#### To do:
Write out again only the lines between the one with "Studio shot ID" and the end of the records below, both ends counted, and don't include the pictures.

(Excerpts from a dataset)
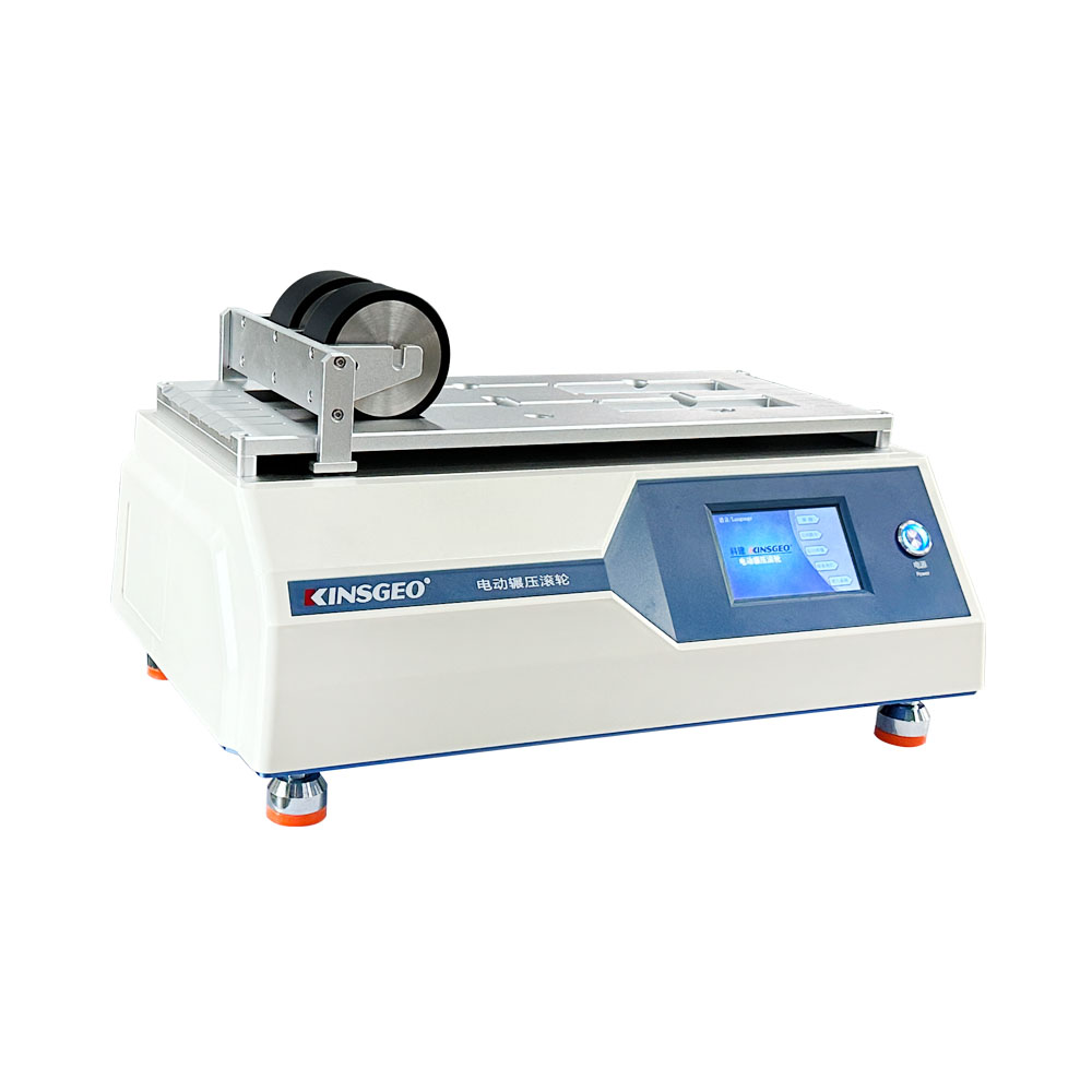 電動(dòng)碾壓滾輪用于膠粘帶剝離強(qiáng)度、持粘性等試驗(yàn)用試件的制備。以固定的壓力及速度,將膠粘帶試樣規(guī)范平整,均勻的粘著于標(biāo)準(zhǔn)的試驗(yàn)基材上。
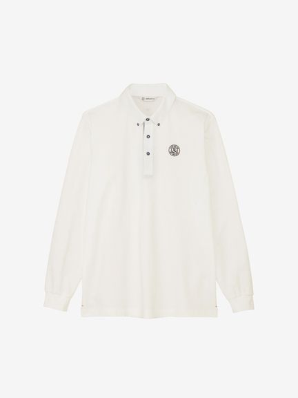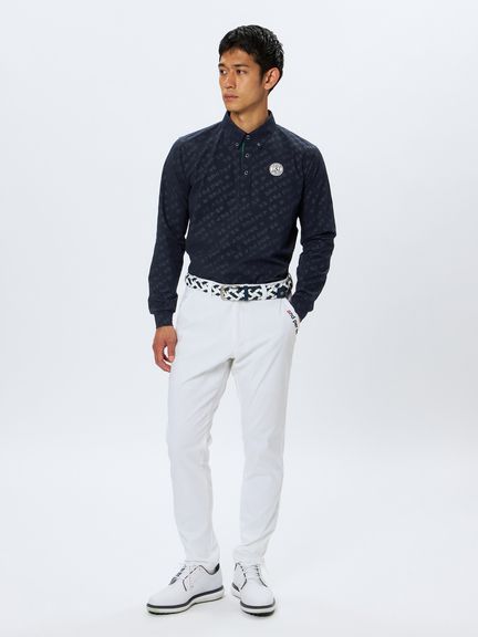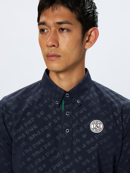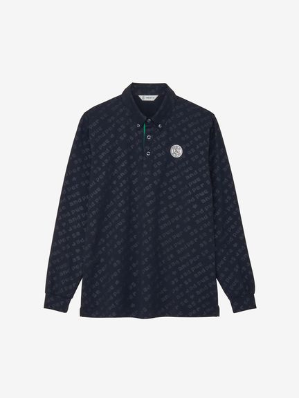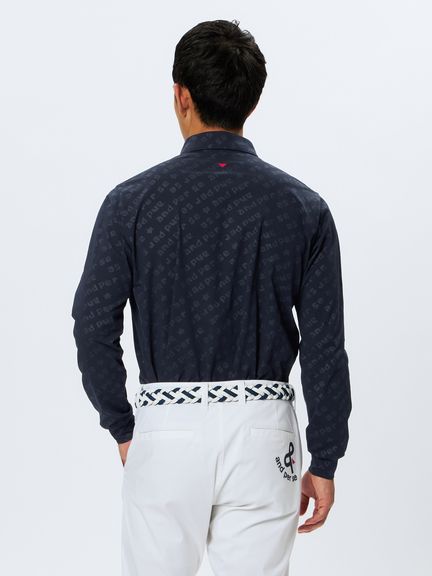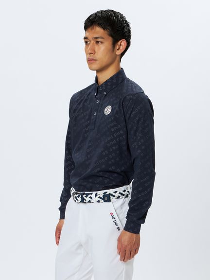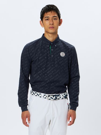 マルチな機能を持つ素材で作成した総柄ロゴエンボス(型押し)素材のロングスリーブシャツです。吸汗速乾、ストレッチ、UVガード(UPF30-50+、紫外線カット率90%以上)機能をもったジャージー素材。軽くて柔らかな風合いで着心地が良いのが魅力です。一見は無地のシャツに見えつつ、角度を変えるとブランドロゴが浮き上がるエンボス加工が特徴。ボタンダウン仕様となっており、ゴルフプレイ中も上品な印象を保ってくれるデザインです。
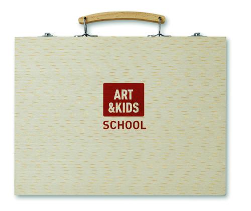 Artist's set in wooden box including 66 pieces (wax crayons, oil pastels, markers, coloured pencils, water colours, sharpener, glue, eraser, paint brush, ruler, and pencil).
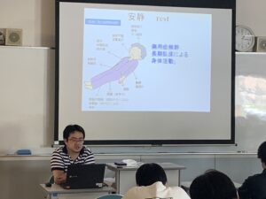 専任教員の高江先生より『基本動作とセルフケア① 起居動作』について学びました。
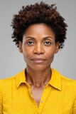 Studio shot ID portrait of Nigerian woman with natural hair in yellow shirt
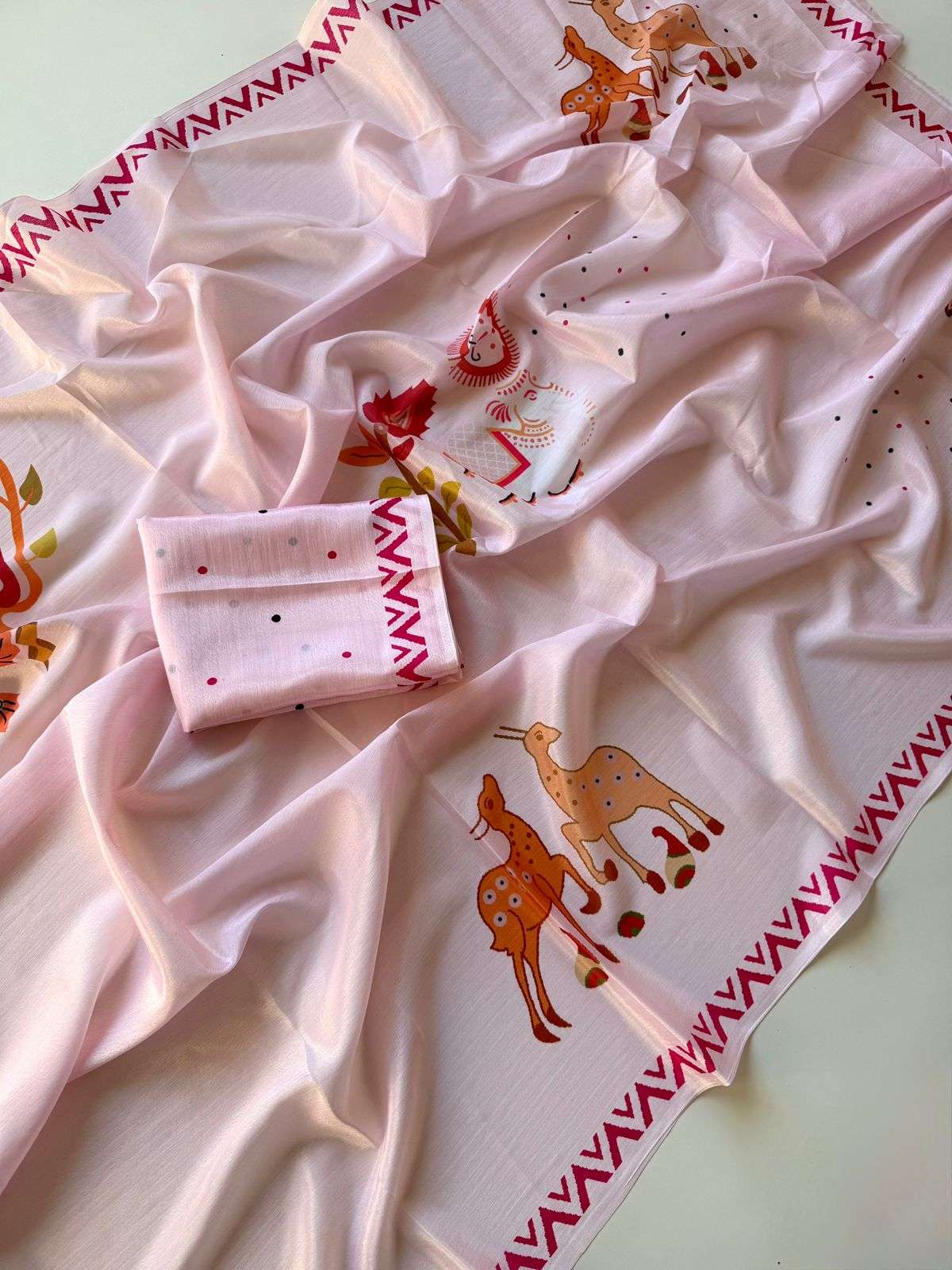 HIRAN PRINTED CHINON FABRIC PARTY WEAR LOOK SAREE BEST WHOLESALE RATE N
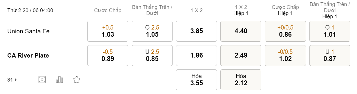 Soi kèo hiệp 1 Union vs River Plate: 0.86*0/0.5*1.02

#### Problem solution:
 Studio shot ID portrait of Nigerian woman with natural hair in yellow shirt
 HIRAN PRINTED CHINON FABRIC PARTY WEAR LOOK SAREE BEST WHOLESALE RATE N
 Soi kèo hiệp 1 Union vs River Plate: 0.86*0/0.5*1.02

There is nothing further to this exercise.